Morrissey has fond memories of growing up in Belfast after moving from Craigavon at the age of six. Her Catholic-born father and English mother, who came from an Anglican background, had met at a Communist Party meeting and had no religious leanings - for which Morrissey is thankful.

"We had a very different upbringing and I'm very grateful to my parents for that, for giving us a different perspective," she says. "We had really good values instilled in us by our parents. When things get very tribal and divided between two groups of people, much of reality is predetermined by which side of the divide you stand on and where your values were formed. It was very liberating not to be on either side and to feel quite apart from those two dynamics."

Morrissey pursued her love of English by studying the subject, along with German, at Trinity College Dublin and then made the move to Japan.
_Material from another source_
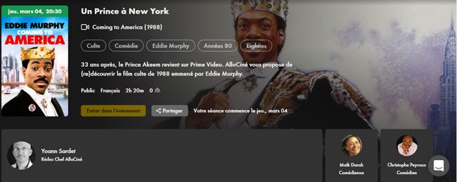 Une séance en ligne, en direct et tous ensemble (ou cowatch) autour du film Un Prince à New York, comédie culte des années 80 emmenée par Eddie Murphy et Arsenio Hall.
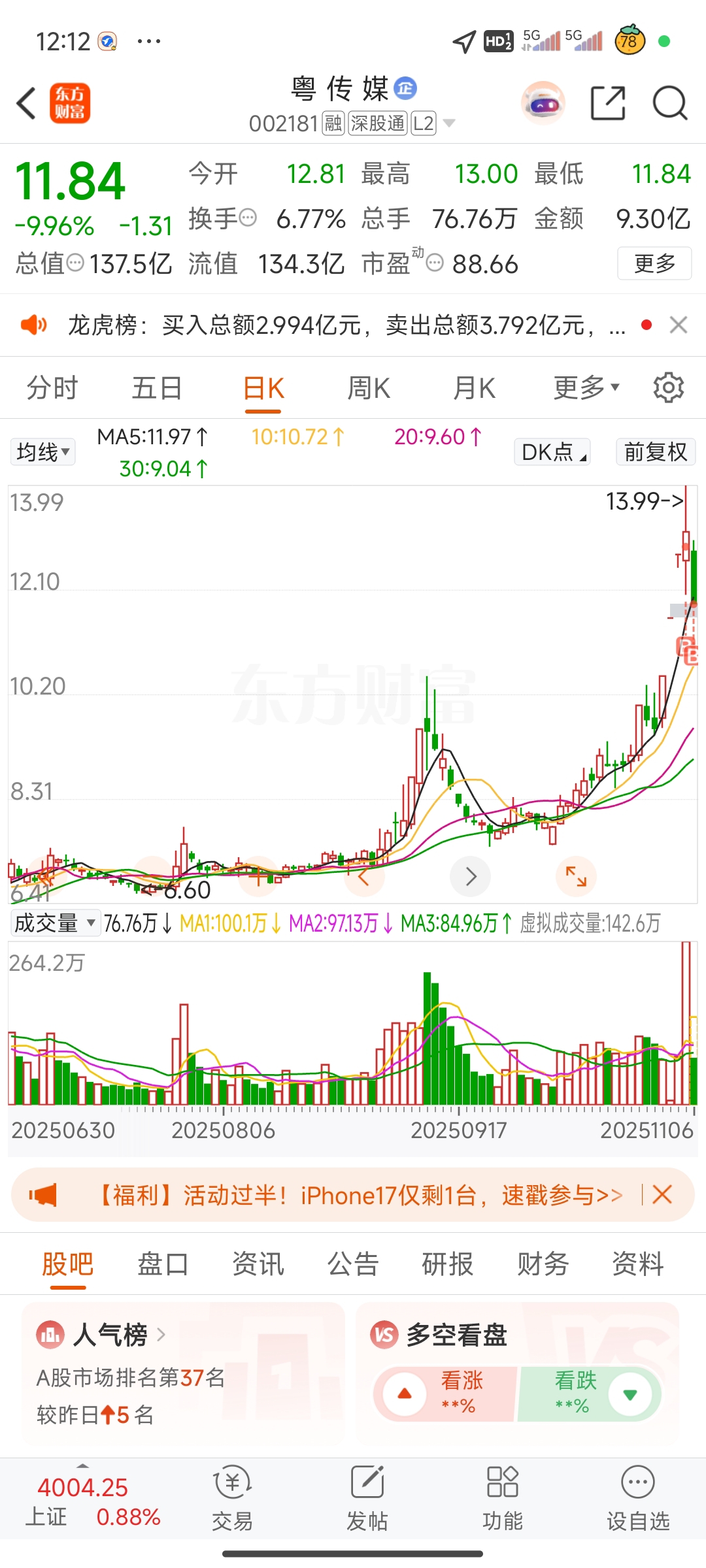 $粤 传 媒(SZ002181)$ 还好昨天没有全部梭哈,今天地板全部梭哈了。

She remembers being assigned to an ancient, tiny village and living in an upstairs flat next to a rice field from where she could hear the frogs singing all night long.

Just three days after arriving, she met her future husband, who had studied Japanese at university in Arizona and was aiming to become fluent in the language. They married in a temple nine months later in Morrissey's village, moved to New Zealand after a further year in Japan before settling in Belfast in 1999.

Now, they have two young children: Augustine, who is turning 11 soon, and Sofia (8). She and Joseph enjoy seeing the fruits of their children's vivid imaginations. Morrissey adds: "My son writes sagas with multiple parts and both children have got fantastic imaginations. But I don't think that's got anything to do with their parents, it's just to do with being a child - all children have fantastic imaginations.
"Motherhood has always inspired me to write. Poems about my children have filled my last three collections. It's something about that intensity of scrutiny I suppose - it gives you ideas. Also, the depth of feeling."